Include Relevant Certifications:If you have any engineering certifications, especially ones that are recognised in your field, make sure to feature them prominently on your CV. They demonstrate not just your knowledge, but also your commitment to professional development, which is something we at StudySmarter value highly.

How to prepare for a job interview at asobbi

Brush Up on Core Engineering Principles

Before heading into the interview with asobbi, make sure you're solid on the fundamental engineering principles relevant to the role. Be ready to discuss concepts such as thermodynamics, fluid mechanics, or structural analysis, depending on the specifics mentioned in the job description. Don’t skip any hands-on projects or coursework; these can be excellent talking points!

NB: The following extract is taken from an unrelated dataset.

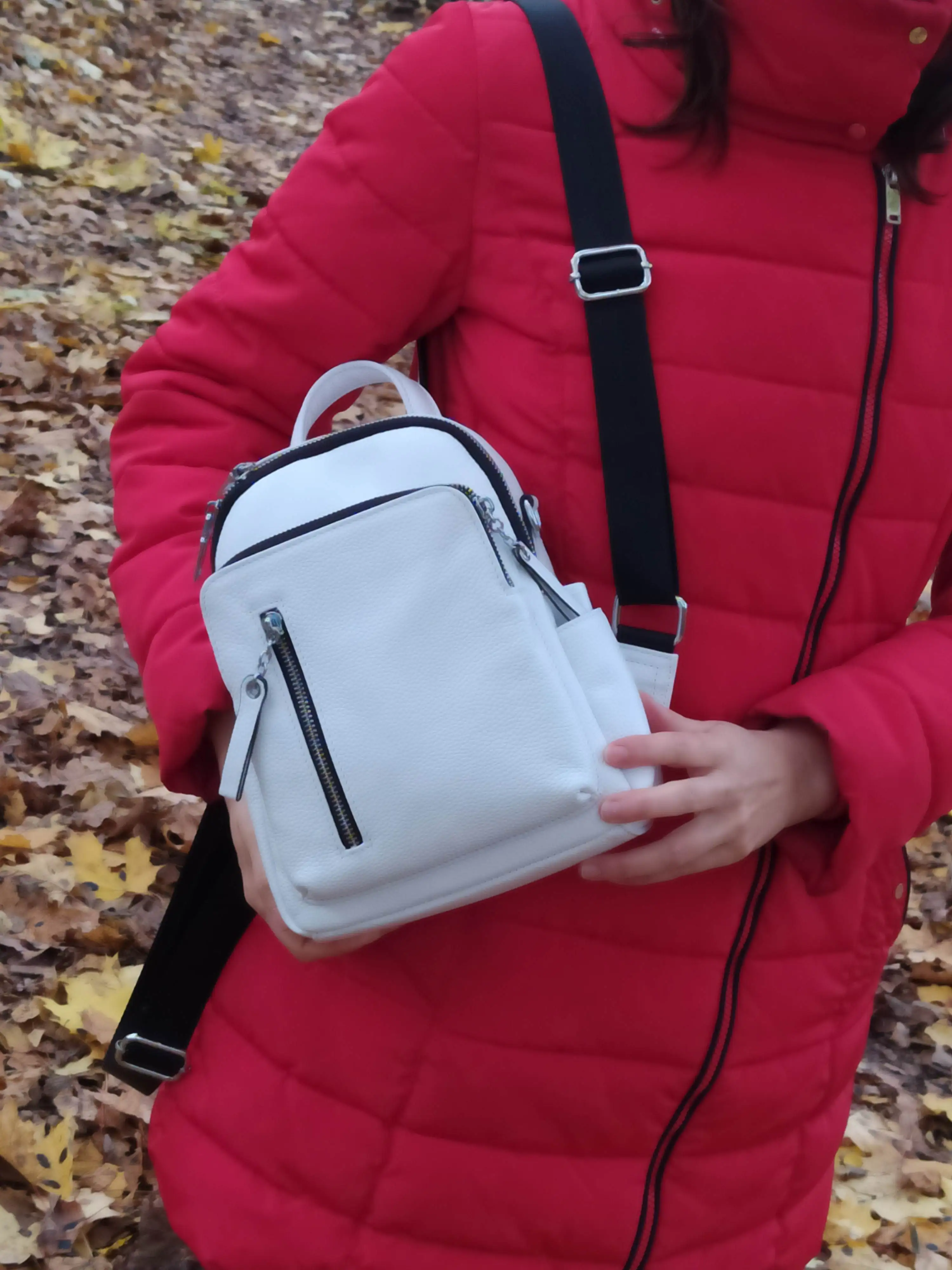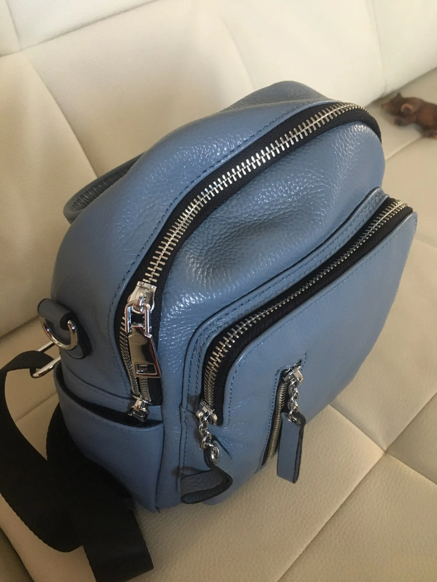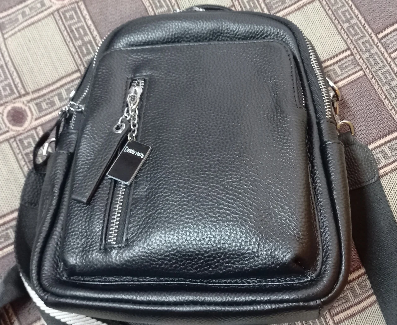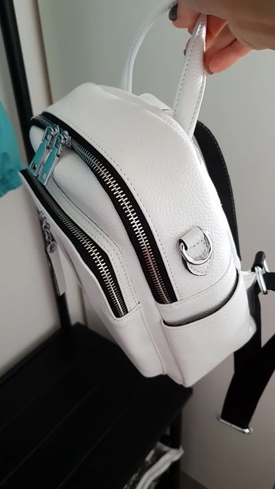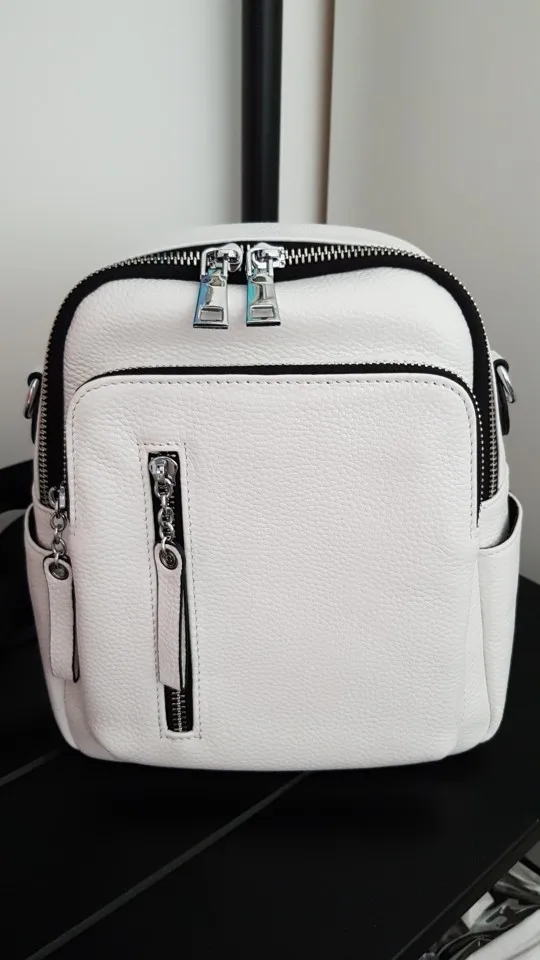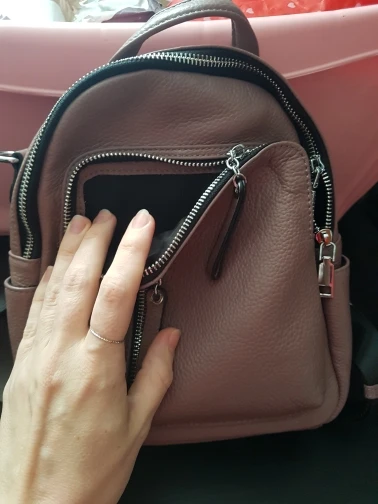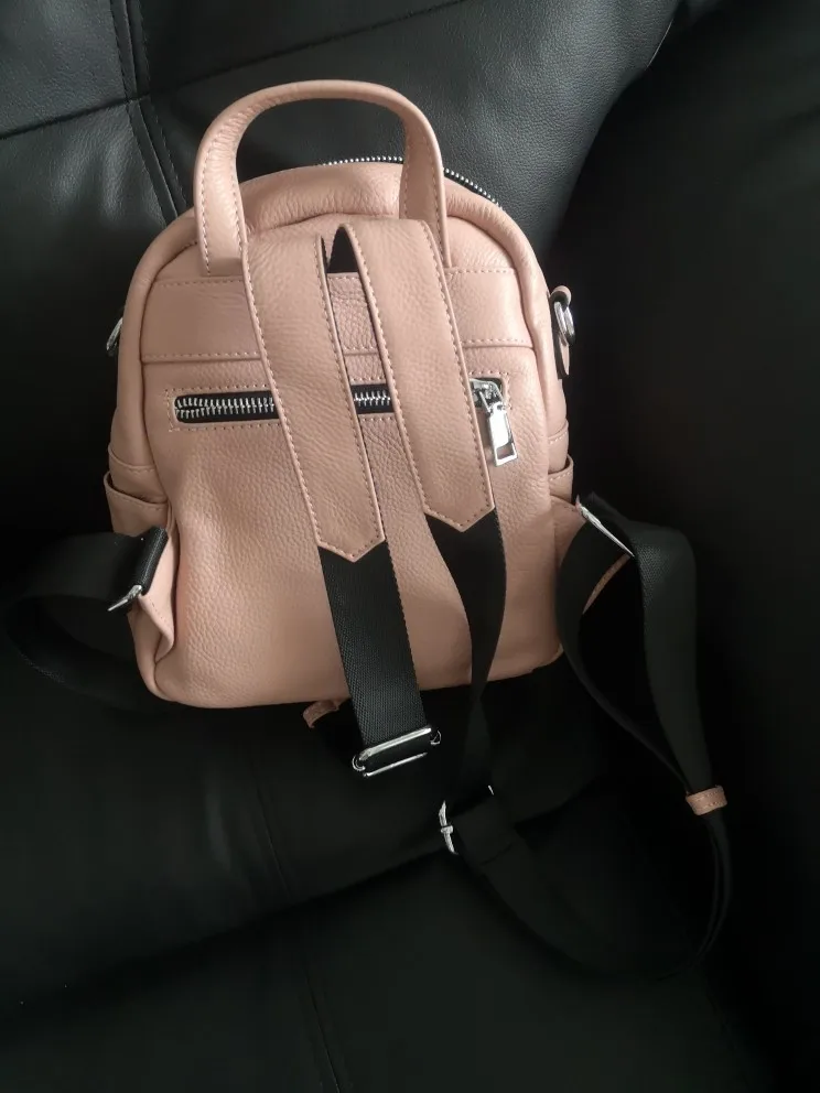 Рюкзак суперский. Кожа натуральная. Фурнитура вся качественная. Внутри два кармашка на молнии и два небольших кармашка под телефон и мелочь разную. Есть ремень, чтобы носить как сумку. Думала, что размер будет чуть больше, но в принципе и такой нормально. Длинный кошелёк, телефон, ключи, салфетки и мелочь разная входят. Дошёл быстро, 11 дней.

Show Off Your Problem-Solving Skills

Expect technical questions or case studies during your interview—after all, engineering is all about solving problems! Prepare a few examples of how you've tackled engineering challenges in the past, whether at university or in any practical experience. Practising with mock technical interviews can really help you articulate your thought process and solutions.

Relate Your Experience to the Role

In a full-time role, employers like asobbi want to see that you can adapt and grow within their team. Be ready to discuss how your previous internships, projects, or studies relate directly to the work you'll be doing. Highlight specific experiences that showcase your collaborative skills and how you've successfully worked within a team environment.

Know Your Tools and Software

Most engineering roles require familiarity with specific tools and software. Prepare to talk about your proficiency with programmes like AutoCAD, MATLAB, or SolidWorks if they’re relevant to the role. Even better, have examples of projects where you’ve used these tools, as it'll demonstrate your hands-on experience and readiness for the job.